October 19, 2014

KES, 144

 

ONE FORTY FOUR

Claim me! What the—what the—claim me!  I was going home! They were going to get me to the—the multiplicitous Gate and I was going through it to where Sid was waiting.  And I wasn’t coming back here for six months out of every year either, whatever happened to Persephone.

(All right, multiplicitous isn’t a word. But it should be.)

I surged to my feet, thus discovering I could. It was a somewhat wavery surge as my wounded leg attempted to do its fifty percent of the bipedal situation leg thing and almost managed it while my brain clattered to a halt when my blood stayed sitting down as the rest of me lurched upward.  But my mouth was already moving and my brain would have to catch up when it could. “Claim me!” I said, or possibly howled.  “What the rancid effing scrambled bulltweeting horseradish has the last—the last—has all this been about!” and I threw my arms out to include the blood and the dirt and the horses and the people and everything else, most of it undesirable, in our immediate vicinity.  Especially the blood.  (Throb throb said my leg.) “If you haven’t blistering claimed me yet!  What’s my bonus then!  Do I get a free toaster and ten percent off my next order!”

Murac looked started. I thought perhaps his insta-translate was having trouble with ‘bulltweeting horseradish’. Pustular, offered mine delightedly. Feculence. “So you hadn’t got round to claiming me yet!  Do you pick up random confused strangers regularly to lead you into battle?  If you wanted blood, couldn’t you have just pricked a finger?  And I’ve been hungry since—since—”  I had no idea how long I had been wherever it was that I was.  Long enough to work up an appetite.  Pitched battle will do that to you, even when your sword is doing all the heavy work.

Maybe he was looking startled because my grand gesture had made me drop my blanket. Pustular feculence.  I bent (carefully) and picked it up (ow ow ow ow ow said my leg) and wrapped it around me again with as much of a flourish as I could manage.  Think Greta Garbo throwing the end of a cape over one shoulder.  No, don’t.  Bela Lugosi maybe.  On a bad day.  But it was hard to be flashy with an old horse blanket (going by the smell.  And the hair.  I wasn’t complaining.  An extra embedded layer of hair is warm.)

“And fuuuurthermore,” I said, sneezing horsehair, “you can’t claim me, you—um—” It occurred to me it would not be in my best interests to alienate Murac, appalling as this awareness was.  “You can’t claim me, you said so yourself.  I’m on the wrong side of Ga—of the Gate, and you want me on the right side. I want me on the right side.  I never dog-eared-and-red-tailed wanted to be your flaming Defender,” I said, starting to lose my don’t-alienate-Murac focus again, and then I was going to start crying, I was not going to start crying.  I was not going to start crying.  I sneezed again.  Violently.  If my tear ducts exploded that would neutralise certain weak places in my self-control.

“Defender is stronger, tied to Gate by blood and bread.” I muttered something about there not having been any bread on show recently but I’d been ready to eat maggots and pencil stubs, I might not have noticed mere bread.  “Tha’ll not forget us, now.  Tha’ll not leave us behind.”

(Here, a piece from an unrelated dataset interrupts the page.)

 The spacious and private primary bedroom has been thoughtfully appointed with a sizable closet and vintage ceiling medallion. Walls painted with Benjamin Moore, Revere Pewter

“Oh yes I will,” I said grimly, shivering in spite of the warm hairy blanket. “I’m moving to California.  Tomorrow.”  Northern California.  Sid was too furry for the south.

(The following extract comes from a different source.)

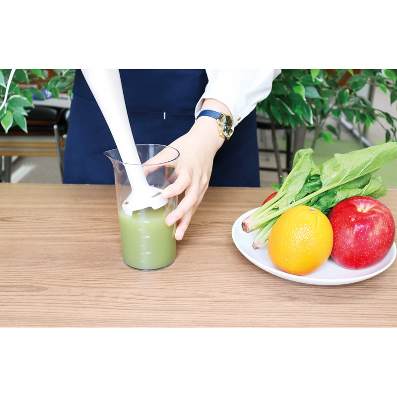 | コピー | 「つぶす」「混ぜる」がかんたん&スピーディー。握りやすい持ち手、扱いやすいスティック型。ワンタッチで切り換え可能な2段階スピード。容器をキズつけにくいプラスチック型ガード。 |

“Gate’ll come with tha,” said Murac. “Wherever tha go.  And if we call, tha’ll hear us, and come.”

I may have moaned. My blood was circulating comprehensively enough again for my brain to produce a few flailing thoughts:  which was the decision I had made that was the wrong one, that if I’d made some other one I’d be sitting in front of my computer with a hot cup of tea right now, finishing FLOWERHAIR THE UNHINGED on time?  But if I went back as far as not poking a pin in my old paper atlas, Sid would still be sleeping rough  . . .

There was a shout. The Falcons. The Falcons can hold alone no longer.  The Falcons’ line is breaking. . . .

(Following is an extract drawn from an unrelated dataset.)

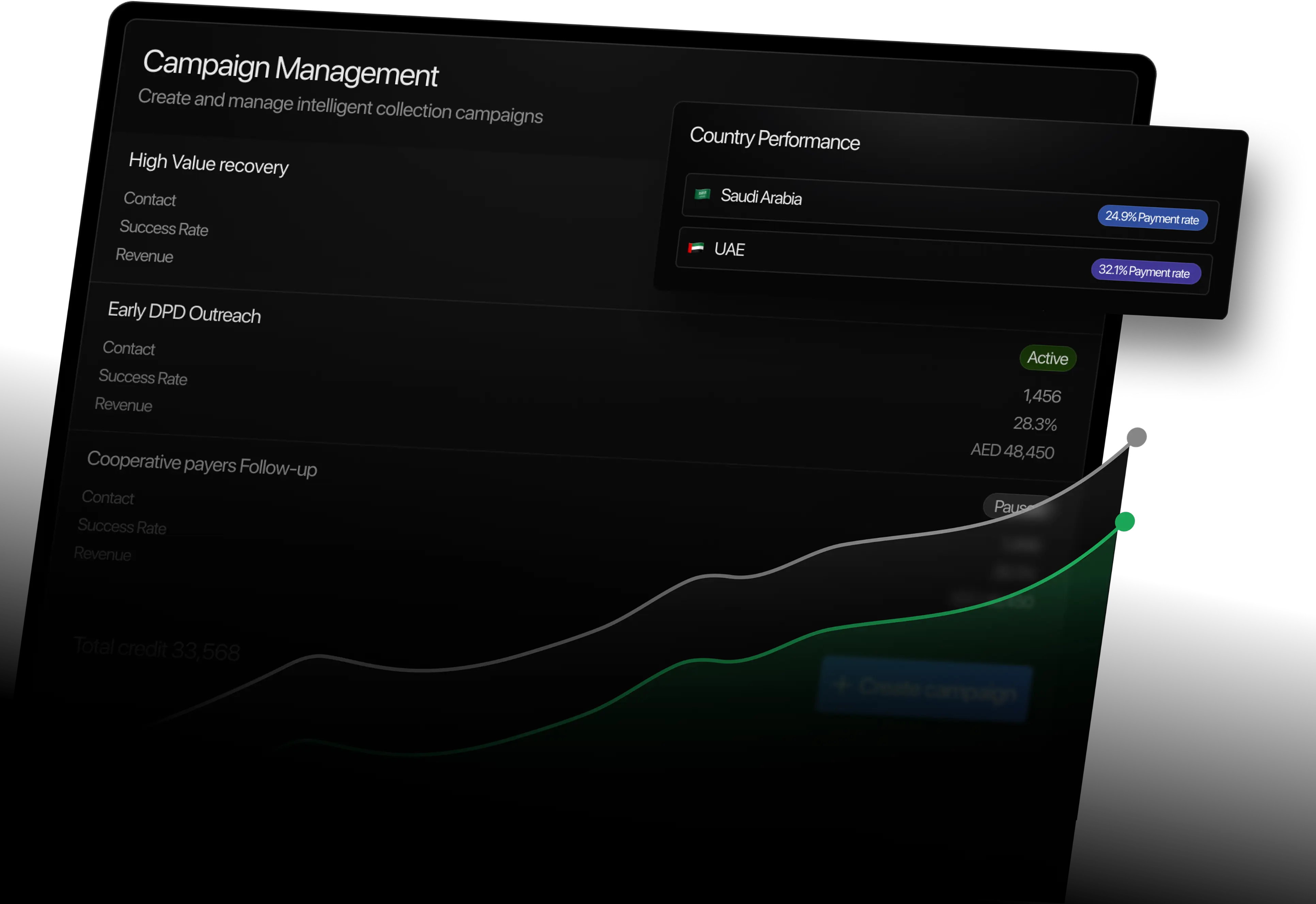 Headquartered in the UAE and serving clients globally, we combine predictive AI models, real-time data orchestration, and omni-channel communication to help institutions increase recovery, reduce cost-to-collect, and safeguard customer relationships.

Murac took two long strides forward, picked up the heap of clothing at my feet and shook it out. I let my blanket fall, blank-brained and numb again, and he dropped the linen shift over my head.  Leather followed.  There were linen trousers too, with a drawstring to keep them up, and leather britches over.  Long stockings pulled up above the knee—a pad Murac produced from nowhere over the sewed-up slash on my leg—boots on immediately and laced in place.  The boots were a surprisingly good fit. Throb, went my leg, but it seemed a long way away.

The chain mail went clank, and weighed a ton.

Defender, went the shout. The Falcons call for Defender.